House of Representatives Standing Committee on Infrastructure, Transport and Cities
[email protected]
SPAVicTas Submission to the Inquiry into the Australian Government’s role in the development of cities.
http://www.aph.gov.au/Parliamentary_Business/Committees/House/ITC/DevelopmentofCities/
Introduction:
Sustainable Population Australia (SPA) is an Australian, member-driven environmental charity which advocates to establish an ecologically sustainable human population. It works on many fronts to encourage informed public debate about how Australia and the world can achieve an ecologically, socially and economically sustainable population.
SPA advocates for a generous humanitarian program for refugees whilst addressing the causes of displacement abroad. SPA questions policies that encourage high population growth rates, particularly when motivated by narrow economic goals (e.g. we advocate for lower non-humanitarian immigration). We work with international colleagues to promote rights-based voluntary family planning programs in high fertility countries, and to elevate the rights of women and girls everywhere.
Our main response to the inquiry is for an amendment to Australia’s population policy. Currently, Australia has one of the highest population growth rate in the OECD. According to Australian demographic statistics, Australia grew by 1.6% pa. to the end of 2016, or by 373 000 people:
(1). This is high by world standards. Some states are growing disproportionately faster, e.g. Victoria grows at 2.4%. Most of this growth occurs in the capital cities which absorb around 80% of total growth. Melbourne expands by 92 000 thousand per annum and is Australia’s fastest growing city
(2). This rapid population growth contributes significantly to the difficulty in town planning systems to maintain or improve the functionality of our capital cities.
However, this population growth is not inevitable. Australia could maintain a broadly stable population and maintain humanitarian obligations without any changes to the current birth rate or the humanitarian program. Non-humanitarian (including skilled) migration is the largest driving force behind Australia’s growing population, which is motivated by economic ideology. SPA argues that it is difficult to meet town planning objectives with this rate of population growth, and that an amendment to population policies, in accordance with former MP Kelvin Thomson’s’ 14 point plan would assist in many of the town planning issues impacting our major cities (3).

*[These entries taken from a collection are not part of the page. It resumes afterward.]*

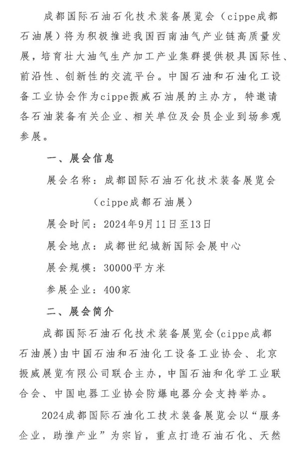 中國石油和石油化工設備工業協會作為cippe振威石油展的主辦方,特邀請各石油裝備有關企業、相關單位及會員企業到場參觀參展。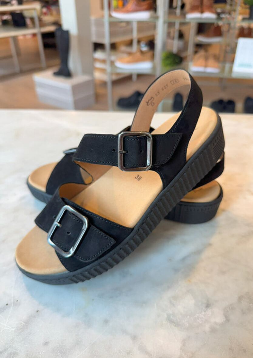 Den komfortable sandal er med en udtagelig Optifit indlægssål, som tilmed også kan vaskes. Sandalen har normal vidde og er udstyret med Gabors Best Fitting med et par ekstra millimeter i forfoden. Ydersålen er en sort chunky gummisål med kile på 2 cm.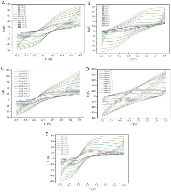Cyclic voltammograms, varying the scan rate from 10 mV s−1 to 600 mV s−1: (A) 3D sensor; (B) 3D-SE; (C) 3D-SAcid; (D) 3D-SBasic; (E) 3D-SSolvent., in the presence of 5.00 mmol L−1 of [Fe(CN)6]4−/3− and 0.10 mol L−1 KCl.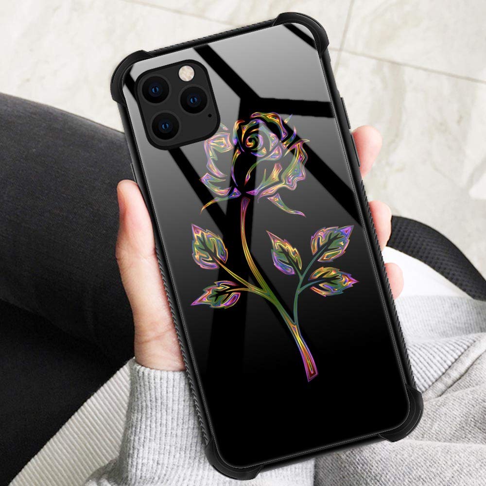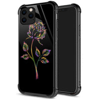 Iphone 11 Pro Case,9H Tempered Glass Iphone 11 Pro Cases Chromatic Gold Rose For Girls Womens, Pattern Design Shockproof Anti Sc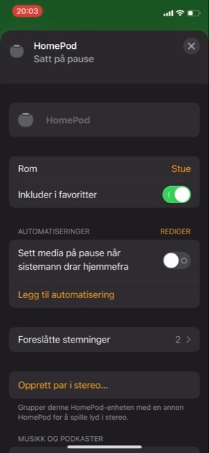 I have attached a some pictures showing what is going on frome the HomePod Mini menu in the Home app. I also try to show some of the settings. (I wish I could upload a video)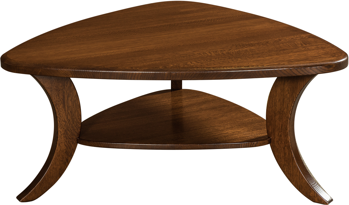 A triangular-shaped top and base along with curved legs give the Jessica Collection Coffee Table its exclusive look. So the table is sure to enhance the sophisticated vibe of your living room. Especially when you display elements like cut flowers and figurines on its 1 ¼-inch top. Our Amish artisans handcraft the Jessica Collection Coffee Table. Also, our builders use top regional hardwoods. Such as quarter-sawn oak (shown with Asbury Stain). What’s more, the Amish men draw from tried-and-proven woodworking skills handed down from their ancestors. No wonder the coffee table is so sturdy. Durable. Plus heirloom-quality! Now, make it yours. Simply complete the customizing fields below. Also, make sure you include your choices for wood species, finish, and more. Or call 855-768-3270.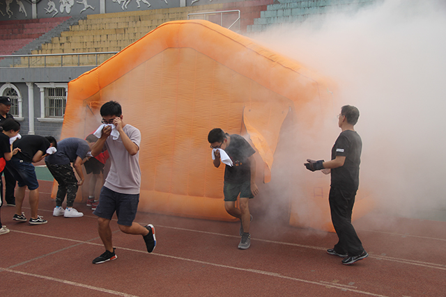 首先,同学们到达指定地点并且领取需要用到的辅助工具,毛巾;紧接着依次打湿毛巾。其次,消防工作人员讲解火灾逃生需要注意的事项:深蹲、用湿毛巾捂住口鼻等,李梅老师也对其进行强调,并且讲述此次演练分为两个部分:一、第一次进入消防密闭房间内不放烟,目的是方便同学们了解密闭房间的构造以便逃生;二、第二次消防密闭房间模拟真实火灾现场,使同学们真实感受火灾,也希望同学们在以后遇到相同意外时能够灵活采取措施。最后,同学们按照要求依次完成两次演练,现场十分严肃。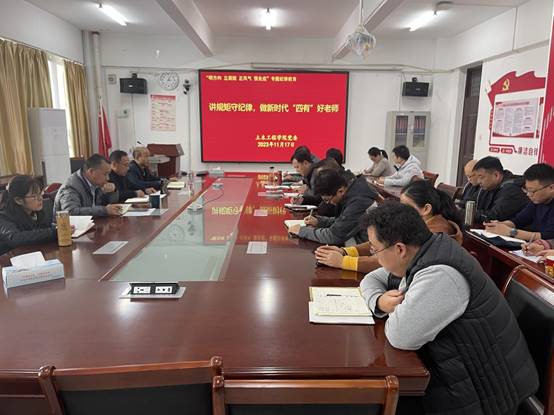党委书记姚向峰以《讲规矩守纪律,做新时代“四有”好老师》为题,以违反师德师风典型案例的分析解读为切入点,带领大家探讨如何严格遵守《新时代高校教师职业行为十项准则》等相关规定,在纪律规矩的约束下当好新时代的“四有”好老师。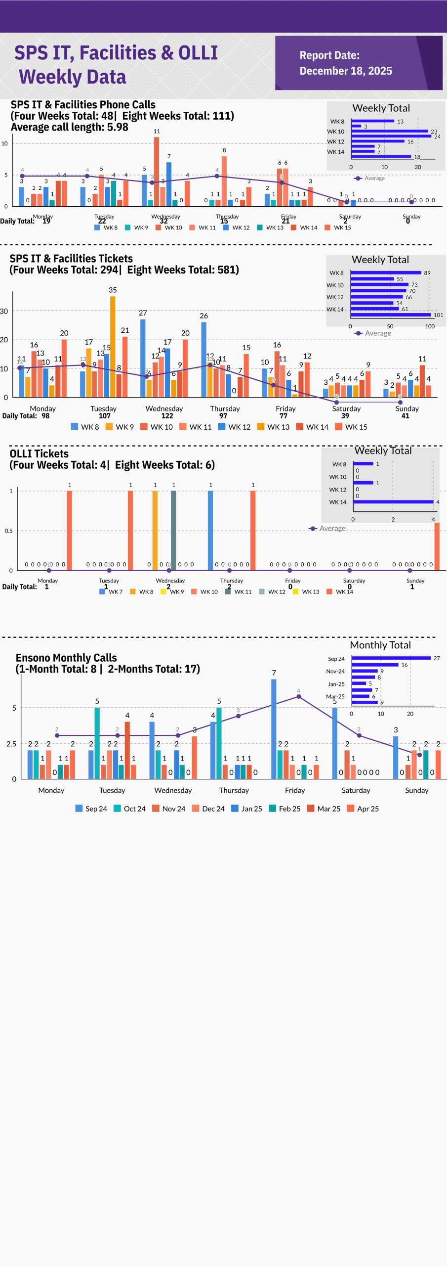 Information Technology and Facilities Service Desk Statistics August 20, 2024December 19, 2025 Lito Lomahan Download Week 14 (December 1 – December 7) Download Week 15 (December 8 – December 14)

As Sustainable Population Australia is an environmentally focused organization, we advocate policies that encourage human activity that is sustainable within finite natural limits and question the ongoing growth paradigm. Growth in the capital cities is reaching limits, whilst coastline development impacts fragile ecosystems. However, inland Australia is more subject to temperature extremes, water shortages and a lack of locational comparative advantage to sustain livelihoods. Within the context of an increasing climate emergency and peak fossil fuel energy, investment will be better spent on resilient communities and foreign aid rather than growth for growth's sake.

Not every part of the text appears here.